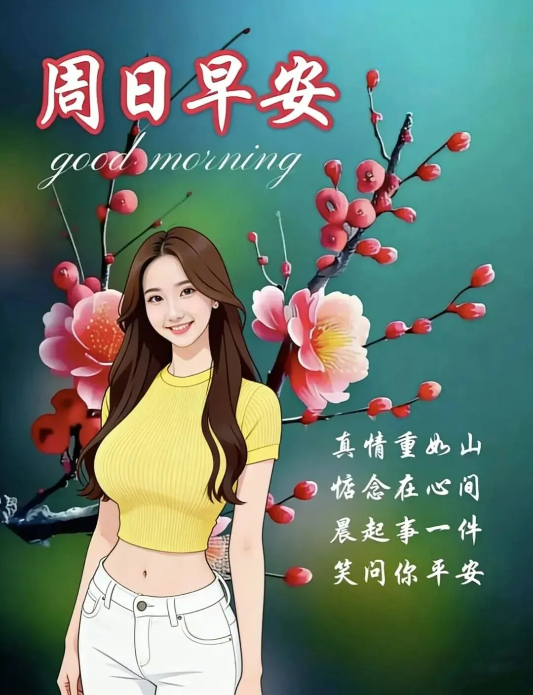 新的一天又来到;真诚问声早上好!愿你生活中不忘亲情,牵挂中不忘友情,忙碌中保重身体,快乐中享受人生。周日早上好!
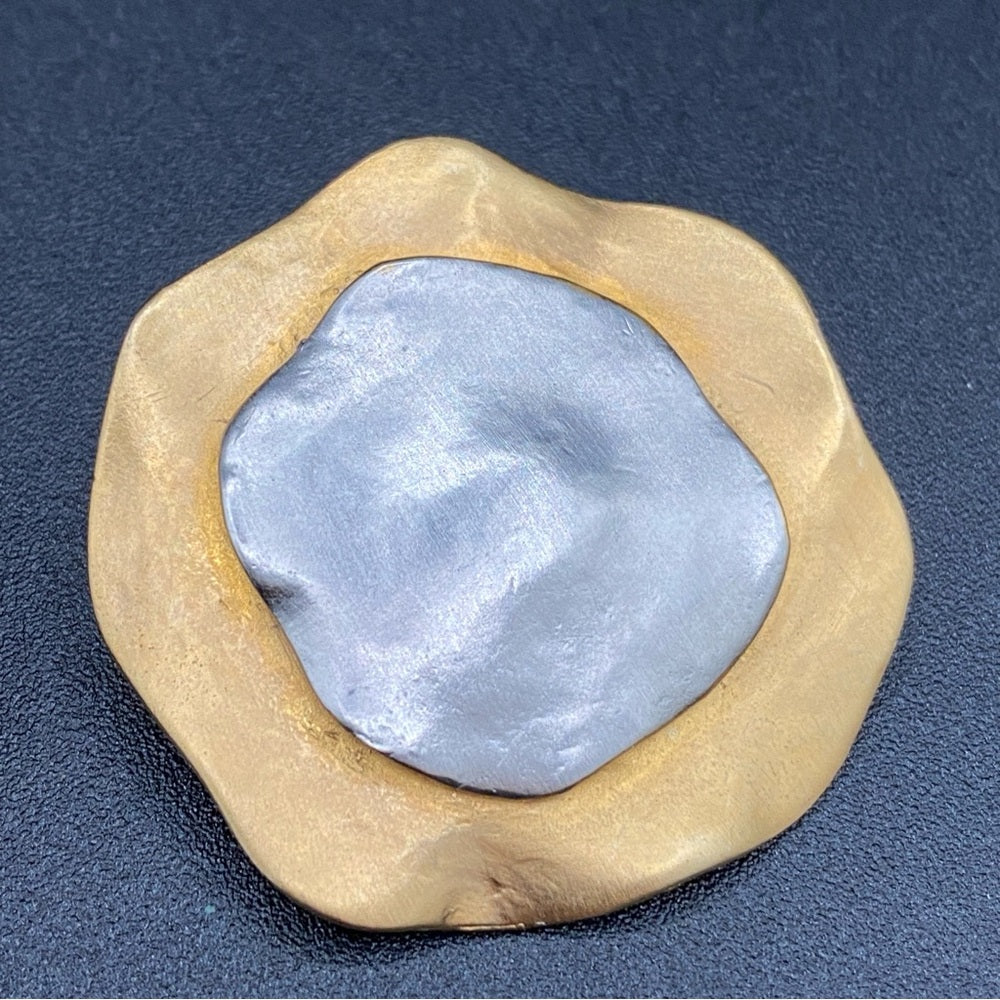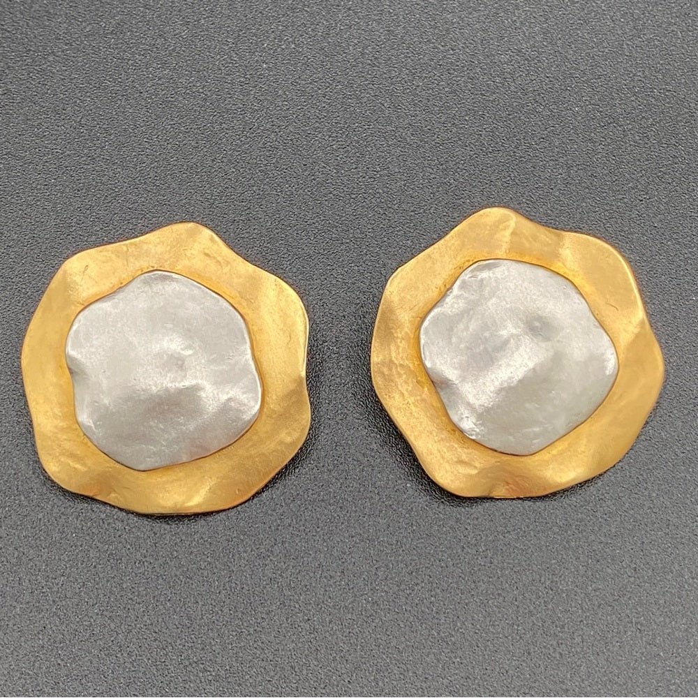Step up your accessory game with these vintage 1980s two-toned brushed silver and gold disc earrings. They're the perfect throwback to bold '80s fashion—glamorous, eye-catching, and totally versatile. Whether you're dressing up for a party, adding some flair to a business casual outfit, or just want to rock a unique look, these earrings have you covered.
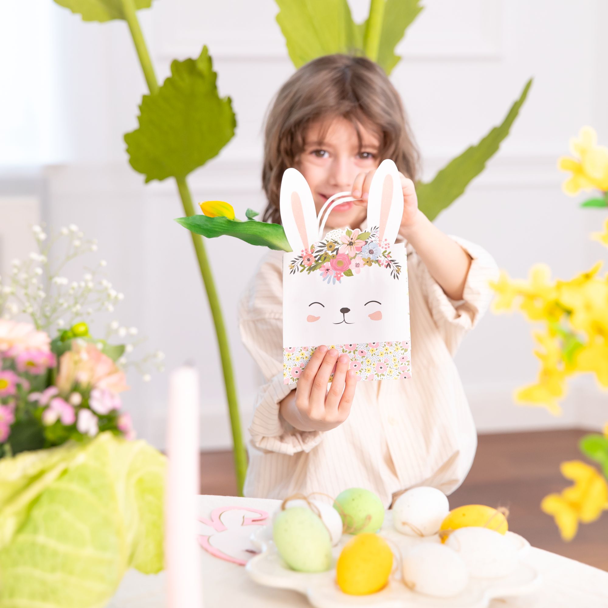 Torebka na prezenty w kształcie Zajączka z kwiatami małe 1 szt
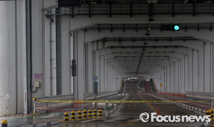 (서울=포커스뉴스) 장마전선이 북상하면서 전국 곳곳에 호우특보가 발표 중인 5일 오전 서울 서초구 잠수교가 통제되고 있다.
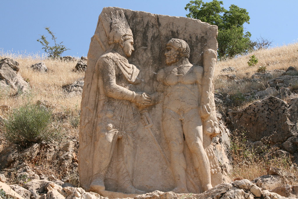 Ο βασιλιάς Αντίοχος δίνει χειραψία στον ήρωα της Ελληνικής μυθολογίας Ηρακλή. Ανάγλυφη στήλη του όρους Νεμρούτ. Πηγή: Flickr
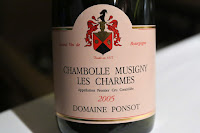 2005 Ponsot Chambolle-Musigny 1er Cru Les Charmes - decanted for about an hour prior to serving. Nice fruit, with animal and leather notes. Nice acidity here but obviously still tannins here. Not bad but a little young.
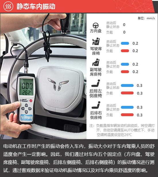在静态车内振动测试环节,启动后静止和负载两种状态下,2025款红旗天工05方向盘位置的振动数值始终为0,后排座椅的振动数值略高于前排座椅,实际体感不明显。
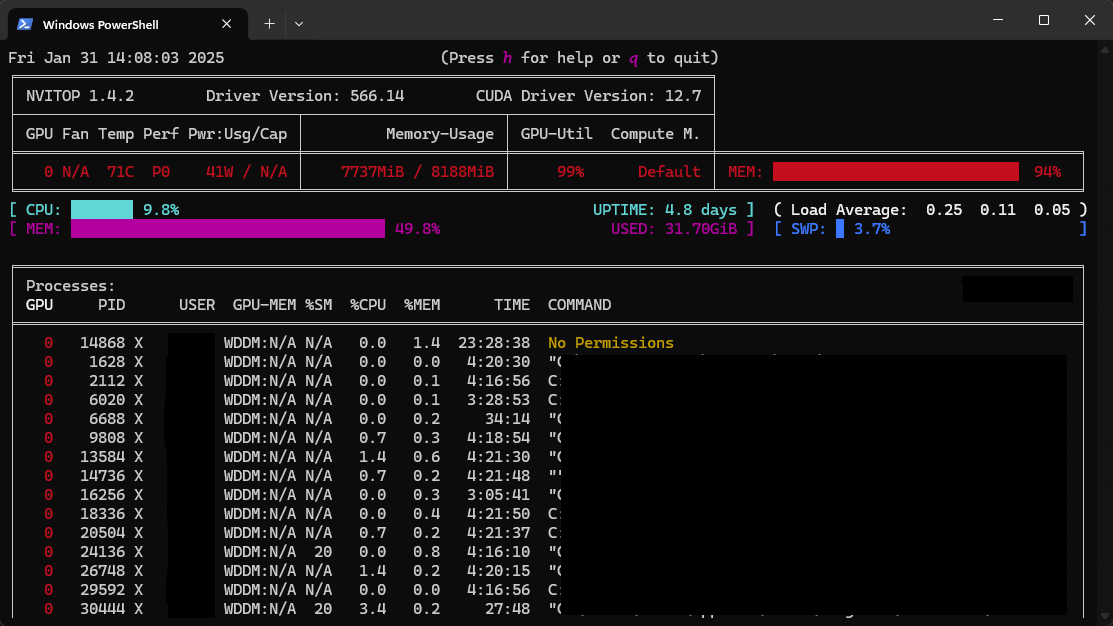 实时查看大模型的GPU占用情况 发表评论 在windows命令行中安装nvitop pip install nvitop 然后就可以在命令行中实时刷新GPU占用情况。实测DeepSeek 14B的模型可以在8G显存情况下运行,参数不要设置过大就行。 2
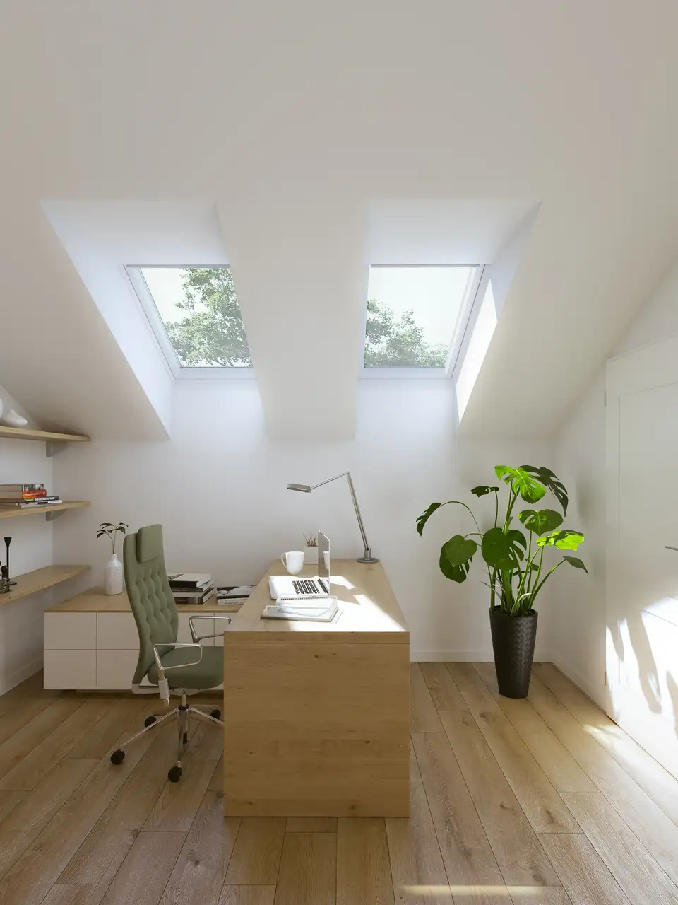 Le système VELUX Active contrôle automatiquement les fenêtres difficiles d’accès de ce bureau sous les toits.
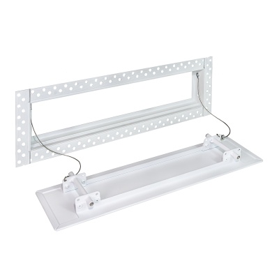 Данная решетка подходит для монтажа на любую поверхность под финишную отделку. Рамка и экран изготовлены из алюминия, опора экрана - из оцинкованной стали. Рама оснащена «полкой» 1,9 мм и рифлеными краями для большей адгезии финишного материала – шпатлевки, цемента. Решетка имеет съемную центральную часть с фиксированным углом наклона ламелей 15°. Она крепится к корпусу прочными металлическими тросиками, легко снимается для очистки и удобного обслуживания.
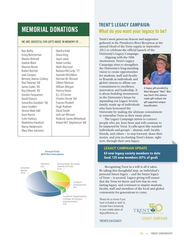 Trent’s most generous donors and supporters gathered at the President’s River Reception at the annual Head of the Trent regatta in September 2012 to celebrate the official launch of the University’s Legacy Campaign. Aligning with the 50th Anniversary, Trent’s Legacy Campaign aims to strengthen the University’s long-standing vision to create opportunities for students, staff and faculty to flourish as individuals and global citizens to affirm our commitment to excellence, A legacy gift provided by innovation and leadership. It Mary Margaret “Mori” Blue is about building investments was Trent’s first alumna in the University’s future by estate gift realized. Her expanding our Legacy Society gift supported campus family, made up of individuals beautification. who have honoured the University by making the ultimate commitment to remember Trent in their estate plans. The Legacy Campaign strives to connect people who are, have been and will continue to be impacted by Trent. It calls upon like-minded individuals and groups – alumni, staff, faculty, friends, and others – to step forward, share their stories, and join in charting Trent’s future, right now, through their own legacy.

## Task brief
Transcribe the data word for word, with no images.

## Your solution
 新的一天又来到;真诚问声早上好!愿你生活中不忘亲情,牵挂中不忘友情,忙碌中保重身体,快乐中享受人生。周日早上好!
Step up your accessory game with these vintage 1980s two-toned brushed silver and gold disc earrings. They're the perfect throwback to bold '80s fashion—glamorous, eye-catching, and totally versatile. Whether you're dressing up for a party, adding some flair to a business casual outfit, or just want to rock a unique look, these earrings have you covered.
 Torebka na prezenty w kształcie Zajączka z kwiatami małe 1 szt
 (서울=포커스뉴스) 장마전선이 북상하면서 전국 곳곳에 호우특보가 발표 중인 5일 오전 서울 서초구 잠수교가 통제되고 있다.
 Ο βασιλιάς Αντίοχος δίνει χειραψία στον ήρωα της Ελληνικής μυθολογίας Ηρακλή. Ανάγλυφη στήλη του όρους Νεμρούτ. Πηγή: Flickr
 2005 Ponsot Chambolle-Musigny 1er Cru Les Charmes - decanted for about an hour prior to serving. Nice fruit, with animal and leather notes. Nice acidity here but obviously still tannins here. Not bad but a little young.
在静态车内振动测试环节,启动后静止和负载两种状态下,2025款红旗天工05方向盘位置的振动数值始终为0,后排座椅的振动数值略高于前排座椅,实际体感不明显。
 实时查看大模型的GPU占用情况 发表评论 在windows命令行中安装nvitop pip install nvitop 然后就可以在命令行中实时刷新GPU占用情况。实测DeepSeek 14B的模型可以在8G显存情况下运行,参数不要设置过大就行。 2
 Le système VELUX Active contrôle automatiquement les fenêtres difficiles d’accès de ce bureau sous les toits.
 Данная решетка подходит для монтажа на любую поверхность под финишную отделку. Рамка и экран изготовлены из алюминия, опора экрана - из оцинкованной стали. Рама оснащена «полкой» 1,9 мм и рифлеными краями для большей адгезии финишного материала – шпатлевки, цемента. Решетка имеет съемную центральную часть с фиксированным углом наклона ламелей 15°. Она крепится к корпусу прочными металлическими тросиками, легко снимается для очистки и удобного обслуживания.
 Trent’s most generous donors and supporters gathered at the President’s River Reception at the annual Head of the Trent regatta in September 2012 to celebrate the official launch of the University’s Legacy Campaign. Aligning with the 50th Anniversary, Trent’s Legacy Campaign aims to strengthen the University’s long-standing vision to create opportunities for students, staff and faculty to flourish as individuals and global citizens to affirm our commitment to excellence, A legacy gift provided by innovation and leadership. It Mary Margaret “Mori” Blue is about building investments was Trent’s first alumna in the University’s future by estate gift realized. Her expanding our Legacy Society gift supported campus family, made up of individuals beautification. who have honoured the University by making the ultimate commitment to remember Trent in their estate plans. The Legacy Campaign strives to connect people who are, have been and will continue to be impacted by Trent. It calls upon like-minded individuals and groups – alumni, staff, faculty, friends, and others – to step forward, share their stories, and join in charting Trent’s future, right now, through their own legacy.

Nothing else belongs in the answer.